Wuhan is widely acknowledged as a critical internal transport nexus ([Zhang, Zhang, and Wang 2020](#ref-zhang2020_a); [Zhu, Zhang, and Zhang 2019](#ref-zhu2019)), with air passenger flows strongly correlated to outbreak severity in downstream regions ([Zhao, Liu, and Li 2020](#ref-zhao2020); [Ai et al. 2020](#ref-ai2020)). However, since **rail, road, and air** all contributed to the virus’s domestic spread, focusing solely on Wuhan airport risks underestimating exportations—especially after the lockdown. Incorporating other large airports thus provides a more comprehensive approximation of early seeding routes into Europe.

A more complex modeling alternative would be a compartmental **SEIR** model—or its multi-stage variant, **SEnIR**—which incorporates a more realistic, Gamma-distributed incubation period and typically yields enhanced epidemiological fidelity ([Abou-Ismail 2020](#ref-abou2020); [Rozán, Kuperman, and Bouzat 2024](#ref-rozan2024)). These models provide richer insights into epidemic peaks, spread dynamics, and intervention effects. However, they demand more parameters, careful calibration, and significant computational resources, often necessitating agent-based or fine-grained simulations.

*Given the resource constraints of this thesis, the simplified **SIR model**—with a mean-rate approximation of incubation and recovery periods, as proposed by Brockmann and Helbing ([2013](#ref-brockmann2013)) is considered sufficient to estimate the **relative timing of epidemic arrival** across European countries. Future extensions may explore more detailed models (e.g., SEnIR) to examine secondary waves, intervention effects, or longer-term dynamics in greater depth.*

## 4 Specified Data

Many flight movement data providers (e.g., FR24, OpenSky, ADS-B Exchange) rely heavily on **crowdsourced ADS-B** signals. While these datasets offer broad accessibility, they often suffer from **uneven geographic coverage**, particularly in regions with sparse ADS-B receiver infrastructure, introducing potential biases.
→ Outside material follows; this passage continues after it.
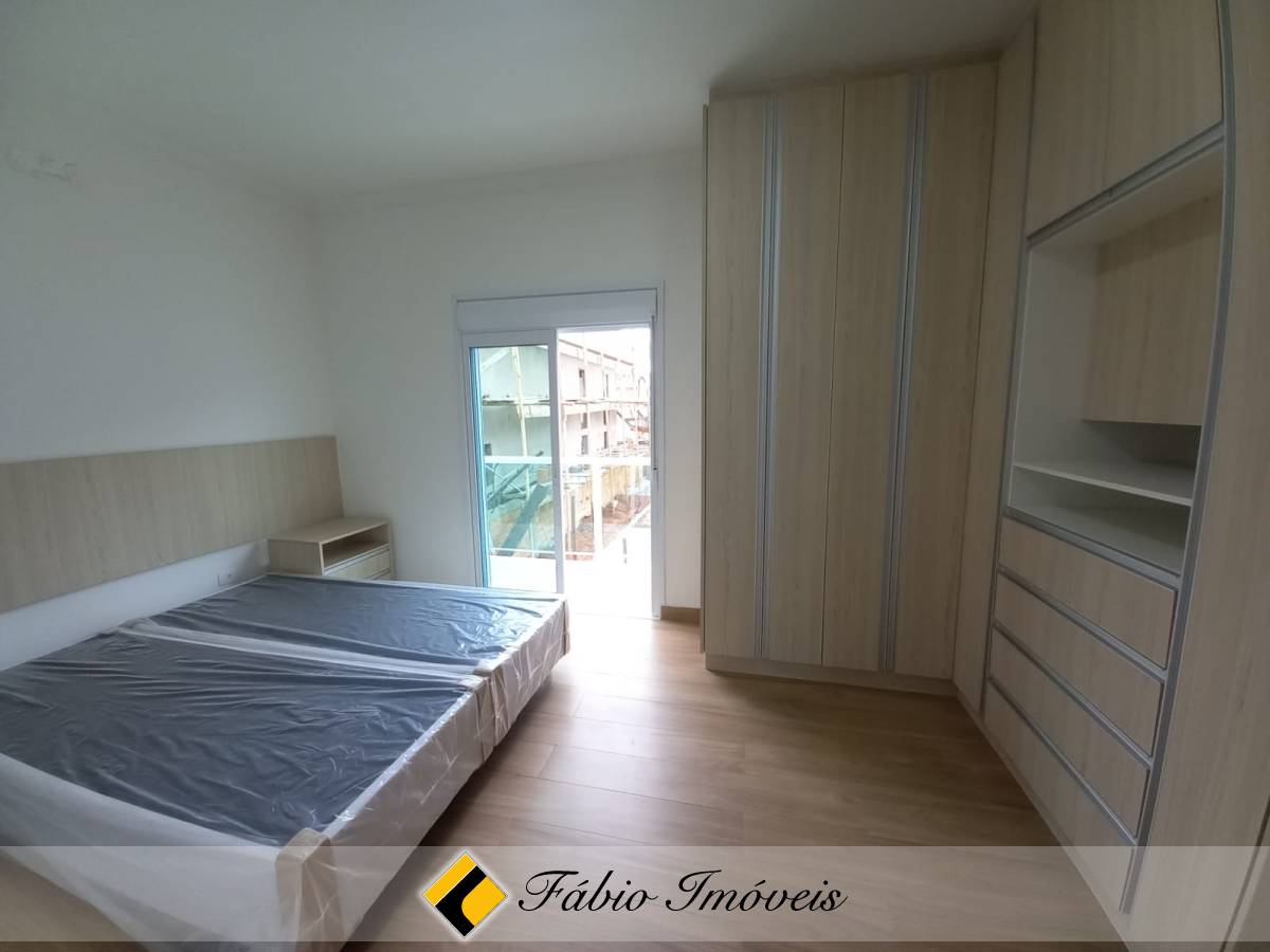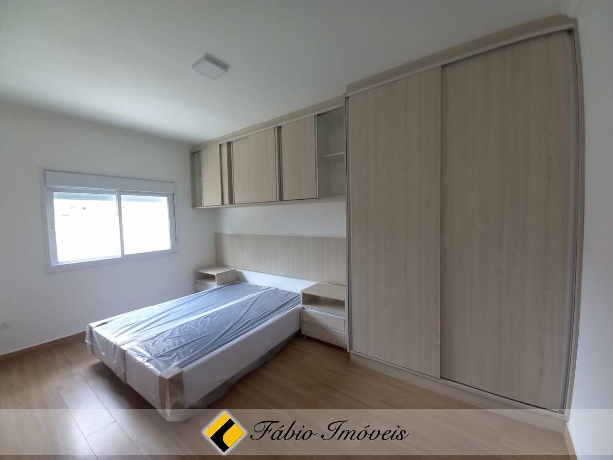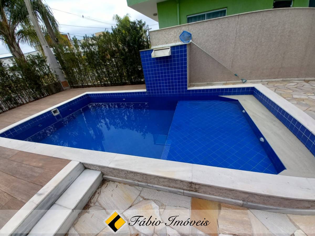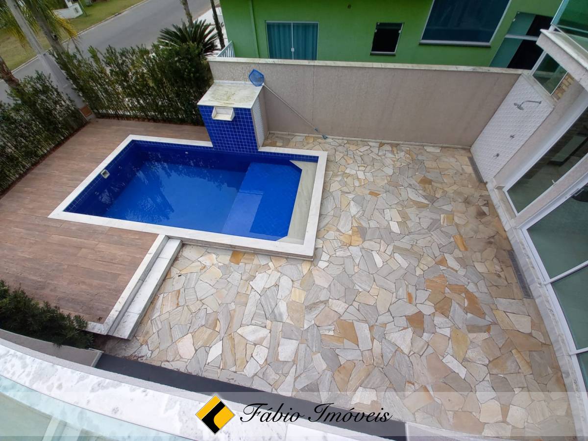 São quatro suítes, sendo uma no piso inferior e três no piso superior, todas com armários planejados e camas box, sala ampla para dois ambientes, cozinha com armários e balcão em granito, banheiro social, lavanderia, piscina, área gourmet com churrasqueira, esquadrias em alumínio e pisos em porcelanato.

In contrast, **Eurocontrol** compiles data from **flight plans and radar-based updates** for all **IFR (Instrument Flight Rules)** flights across European airspace. By aggregating inputs from various **Air Navigation Service Providers (ANSPs)**, Eurocontrol offers a centralized, **operationally verified** dataset with high reliability—making it a cornerstone of this thesis’s regional modeling approach.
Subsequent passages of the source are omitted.